» Work to complete
Omit all pictures and transcribe only the lines in the entries below that run from the line with "This thoughtful design" through the line with "Product Description: Charleston".

» Exercise inputs
-=-=-=-=-
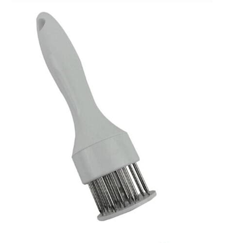 Ideal para amaciar carnes de maneira fácil e rápida com o mínimo esforço, este prático amaciador conta com sistema diferenciado composto por pequenos pinos em aço inox, perfeitos para quebrar as fibras da carne dura facilmente, amaciando as fibras, sem prejudicar a textura do alimento. Fabricada em plástico da mais alta qualidade, seu cabo possui desenho ergonômico, proporcionando conforto e segurança no manuseio. Tenha carne sempre macia a sua mesa Dimensões A x D: 18,5 x 5,0 cm Peso aproximado: 200 gramas Pontas de 3 Cm Material Plástico e Aço Inox
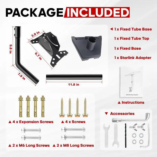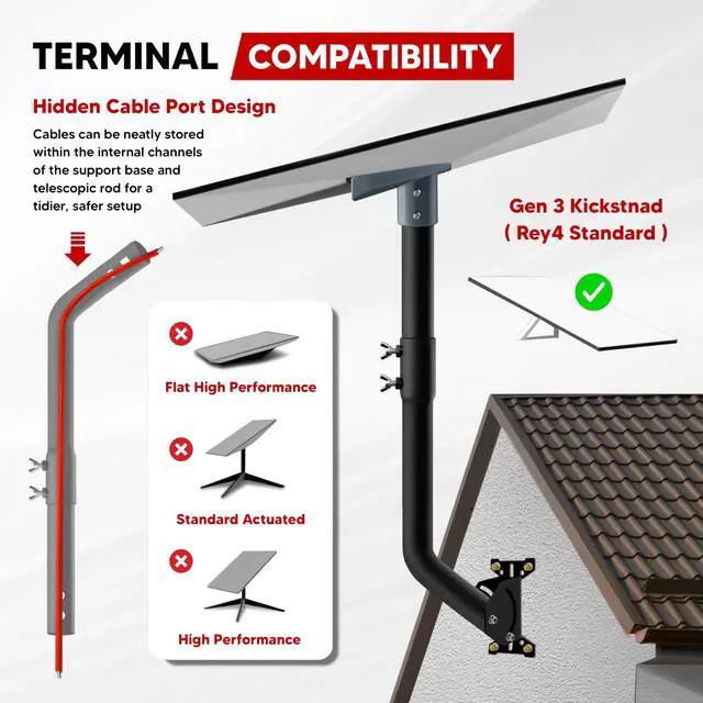 This thoughtful design not only enhances aesthetics but also shields third-generation Starlink cables from environmental wear. ^^ [Included Components] The Starlink Pole Standard Mount Kit includes a pipe adapter, pole, and essential mounting hardware. This Starlink pipe adapter undergoes rigorous testing to ensure high precision and reliable compatibility. Properly positioning the satellite dish using the Starlink installation kit maximizes signal reception, guaranteeing stable, uninterrupted Starlink internet connectivity. ^^ [Dual-Angle Adjustment Function] The pole connected to the third-generation pipe adapter can rotate to adjust the satellite antenna's azimuth angle; The pole connected to the base can adjust the overall elevation angle, enabling precise positioning while preventing the third-generation satellite antenna from colliding with walls.
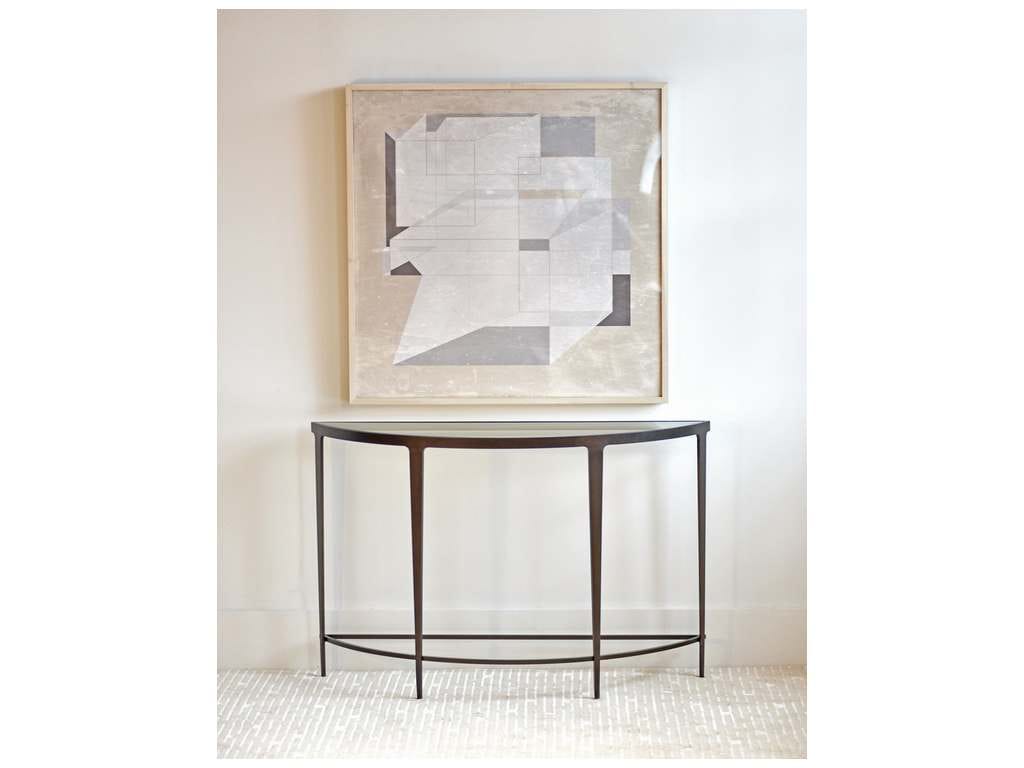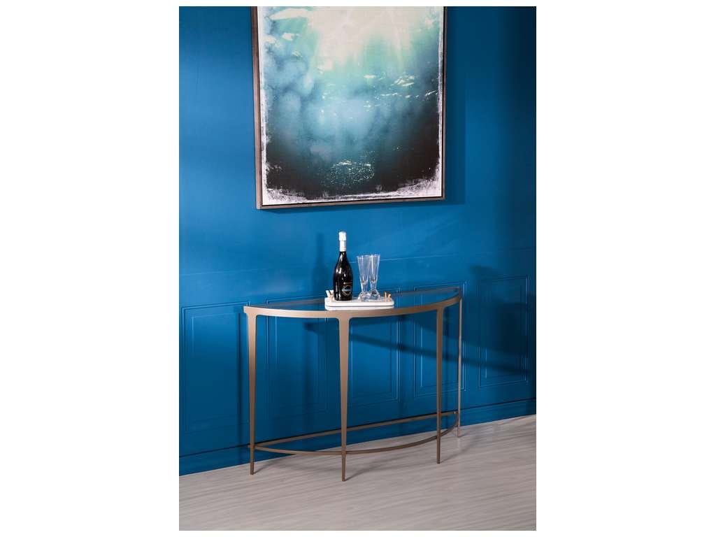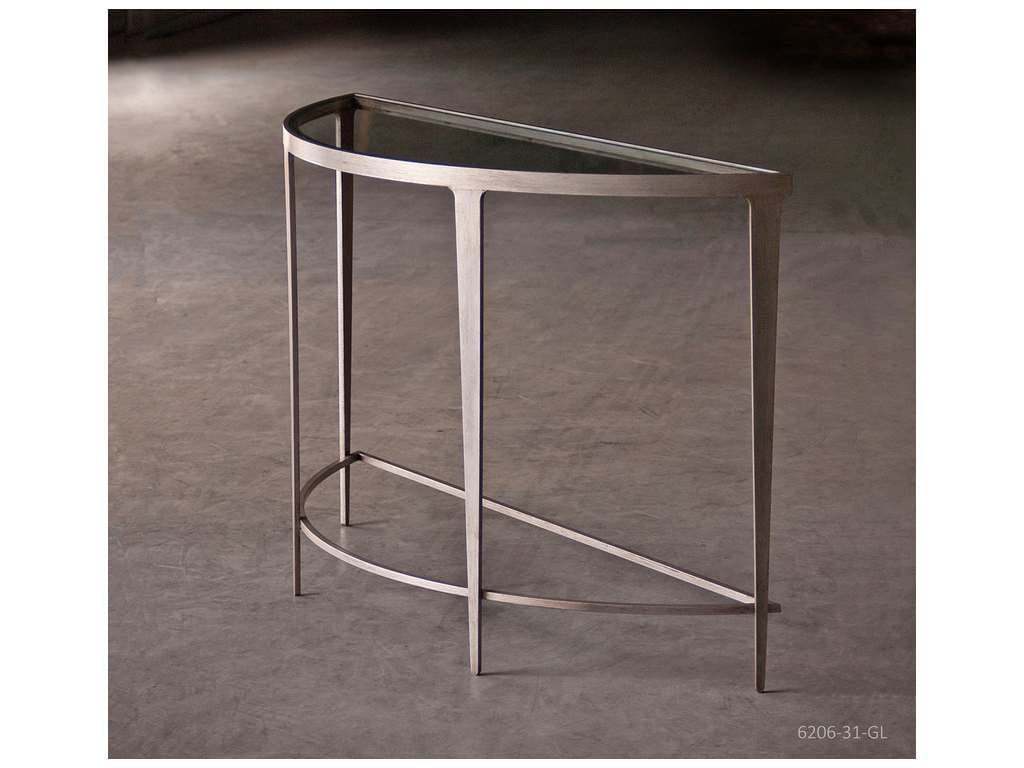 Product Description: Charleston Forge 6206 Console Roundabout Console - The Roundabout Console has a slender demi-lune Glass top that is elegantly supported by sleek tapered legs that match well with the Ellipse collection.
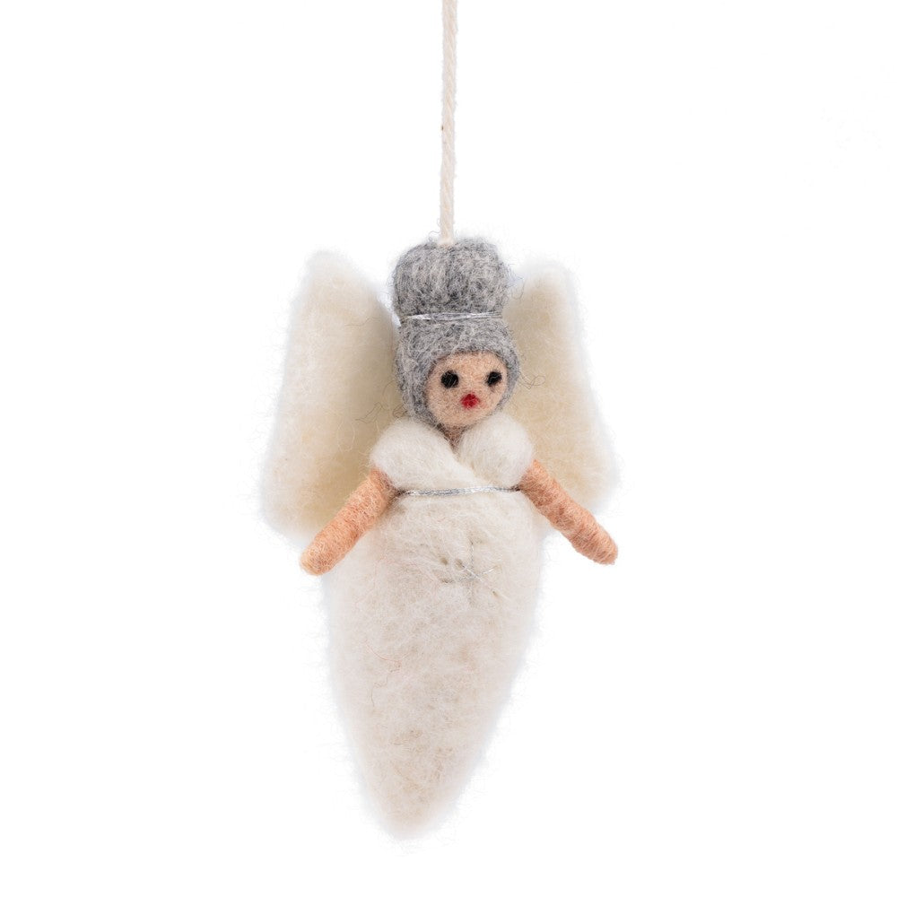 Een vilten engeltje in wit met zilveren accenten, een sierlijke toevoeging aan je kerstdecoratie. Dit engeltje staat symbool voor licht en bescherming. Hang het op een mooie plek in huis.
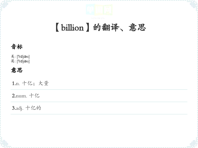 【billion】是什么意思、字义解释
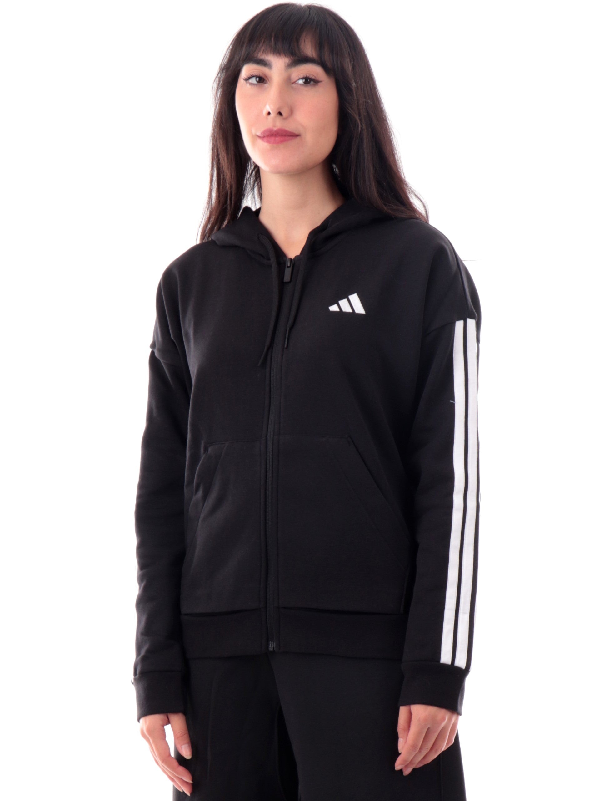 Felpa Adidas nera felpata da donna full zip con cappuccio JE1283, realizzata in cotone. Questa felpa donna Adidas nera ha il cappuccio regolabile con laccetti, la chiusura full zip centrale, due tasche laterali aperte, le iconiche 3Stripes ambo i lati e il logo Adidas ricamato lato cuore.
-=-=-=-=-
» Reply
 This thoughtful design not only enhances aesthetics but also shields third-generation Starlink cables from environmental wear. ^^ [Included Components] The Starlink Pole Standard Mount Kit includes a pipe adapter, pole, and essential mounting hardware. This Starlink pipe adapter undergoes rigorous testing to ensure high precision and reliable compatibility. Properly positioning the satellite dish using the Starlink installation kit maximizes signal reception, guaranteeing stable, uninterrupted Starlink internet connectivity. ^^ [Dual-Angle Adjustment Function] The pole connected to the third-generation pipe adapter can rotate to adjust the satellite antenna's azimuth angle; The pole connected to the base can adjust the overall elevation angle, enabling precise positioning while preventing the third-generation satellite antenna from colliding with walls.
 Product Description: Charleston Forge 6206 Console Roundabout Console - The Roundabout Console has a slender demi-lune Glass top that is elegantly supported by sleek tapered legs that match well with the Ellipse collection.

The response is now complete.